Taiwan could be a major strategic asset to the US, but first it must boost its defenses, a Washington conference has been told.
One area in which Taipei could be a “huge” help to Washington is in combating cyberwarfare, the American Enterprise Institute’s (AEI) Asia Studies director Dan Blumenthal said.
No one knows the Chinese language, information networks and way of thinking better than Taiwanese, and Taiwanese are the best businesspeople in China “bar none,” he said.
He said the Japanese understood Taiwanese business acumen better than most and were doing deals in Taiwan as a way to get into China. However, before the US could start thinking about how Taiwan could best add to the net security of Asia, he said, Taipei had to “focus” on its own defense.
“There are a lot of things it can do in terms of developing its own access denial areas and denial capabilities,” Blumenthal said.
Boosting its defenses was the “first responsibility” and Washington needed to be confident that the nation was fulfilling that responsibility before “we transition into a strategic asset,” he added.
Blumenthal said Taiwan was central to US thinking in Asia and that it was “not going away any time soon.”

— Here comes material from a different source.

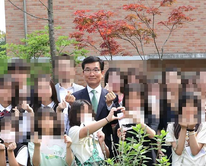 | ▲ 윤건영 충북교육감(가운데)이 지난해 6월 19일, A기업 B씨(윤 교육감 바로 왼쪽)와 함께 이 지역 한 초등학교를 방문해 탄탄숲 관련 행사를 벌인 뒤 기념촬영을 하고 있다. |

He said that Taiwan was still the most likely “front of conflict,” because while China thinks the nation is “basically giving up and settling,” Taiwan increasingly thinks of itself as a completely separate country from China.
Blumenthal said that any attack on Taiwan from China would “certainly implicate” Japan, where there is great concern about “losing” Taiwan.
Professor of strategy at the US Naval War College Thomas Mahnken said that Taiwan had within its power, within its budget and within its capabilities the ability to impose “great costs” upon China.
He said Taipei could “raise the bar of deterrence” very high by undertaking a series of affordable defensive actions.
“The real question is whether the government of Taiwan has the desire to pursue the options that are within its grasp,” Mahnken said.
Founder of the Congressional China Caucus, Representative Randy Forbes, said that when he attended official events in China he found that Taiwan always ended up being a major topic.
“It is always about Taiwan,” he said.